Uma nova tecnologia desenvolvida por pesquisadores da Universidade Estadual Paulista (Unesp) e do Instituto Granado de Tecnologia da Poliacrilonitrila (IGTPAN), em Jacareí, promete transformar a umidade do ar em água potável de forma sustentável. O sistema utiliza um polímero superabsorvente produzido a partir de fibras têxteis recicladas, capaz de capturar vapor d'água da atmosfera e convertê-lo em água líquida.
O estudo, publicado em dezembro na revista científica NPJ Clean Water, descreve o funcionamento das chamadas hidrocélulas, módulos que atuam como esponjas, retendo moléculas de água na superfície de um material poroso. Após a captura, o sistema aquece levemente o polímero para liberar o vapor, que é condensado e coletado. Em testes realizados ao longo de quase um ano, o protótipo produziu entre 4 e 6 litros de água por dia, com consumo energético considerado baixo.
A professora Valquiria Campos, do Instituto de Ciência e Tecnologia da Unesp em Sorocaba e autora do artigo, destaca que a abordagem pode ser uma alternativa descentralizada para abastecimento de água em regiões áridas e semiáridas. “Fontes convencionais, como aquíferos ou dessalinização, são limitadas por altos custos energéticos e necessidade de infraestrutura”, explica.
O elemento central da tecnologia é o polímero PANSAP, obtido a partir da reciclagem de fibras de poliacrilonitrila (PAN), conhecida como fibra acrílica, amplamente usada na indústria têxtil. O processo químico converte o material em um polímero superabsorvente altamente higroscópico, capaz de absorver grandes quantidades de água. Cada grama do polímero pode reter de 200 a 300 gramas de água líquida, e no ar, satura-se quando adsorve 80% de sua massa em água.
O pesquisador Nilton Granado, do IGTPAN e inventor do equipamento, ressalta que a produção sustentável de água potável a partir do ar é vital para grandes cidades que já enfrentam escassez hídrica. Ele cita Lima, no Peru, como exemplo: a cidade tem 11,2 milhões de habitantes e precipitação média anual de apenas 6 milímetros, sendo a terceira maior do mundo localizada em um deserto.
Além do benefício ambiental, o processo baseia-se no conceito de economia circular, transformando resíduos têxteis em recursos. O amoníaco liberado na reação química é recuperado e convertido em fosfato de amônio, fertilizante agrícola. “Isso reduz significativamente a geração de lixo e melhora o desempenho ambiental”, afirma Campos.
Do ponto de vista econômico, o polímero tem custo estimado de US$ 2,50 por quilograma, enquanto materiais alternativos, como os MOFs (metal-organic frameworks), podem custar milhares de dólares por grama. “Como vamos fornecer atendimento emergencial para populações que necessitam de água com um preço desses?”, questiona a pesquisadora.
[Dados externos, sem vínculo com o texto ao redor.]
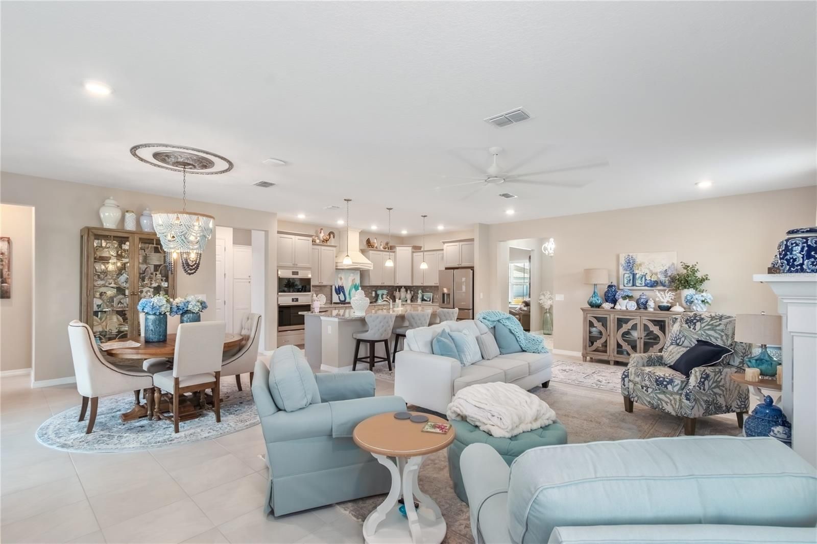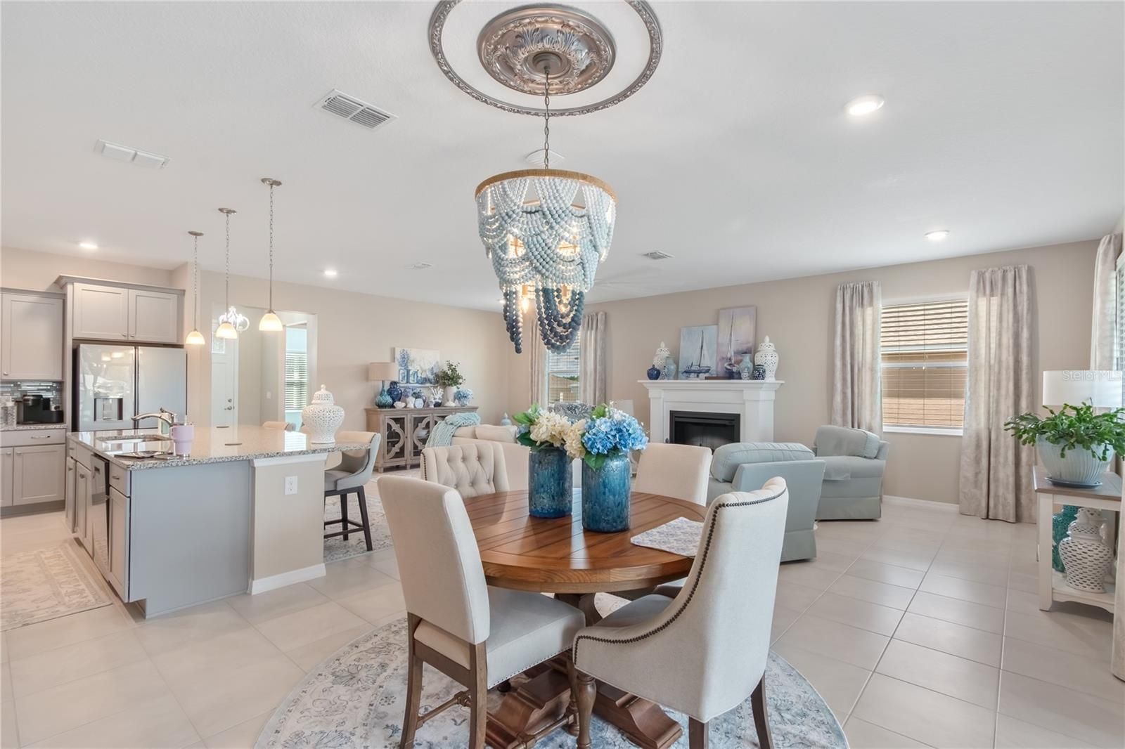 - High Ceilings, Kitchen/Family Room Combo, Open Floorplan, Main Level Primary, Smart Home, Solid Surface Counters, Walk-In Closet(s)

Nos experimentos, as placas de polímero apresentaram capacidade de adsorção de aproximadamente 0,43 grama de água por grama de material em ambientes com umidade relativa entre 69% e 90%. O sistema completo inclui hidrocélulas agrupadas em módulos chamados hidrobaterias, que são aquecidos entre 55 °C e 80 °C para liberar o vapor. A temperatura foi ajustada para evitar degradação do polímero e garantir água insípida.
A água obtida é praticamente desmineralizada, com pureza elevada devido ao processo de condensação. Análises químicas indicaram ausência de contaminantes orgânicos e níveis mínimos de amônia (0,09 mg/L), muito abaixo dos limites de segurança internacionais. Os pesquisadores recomendam a adição posterior de sais minerais, procedimento comum em sistemas de dessalinização.
A patente da tecnologia já foi concedida no Brasil e nos Estados Unidos, e os pesquisadores acreditam que o sistema pode oferecer soluções domésticas para produção de água potável em um futuro próximo.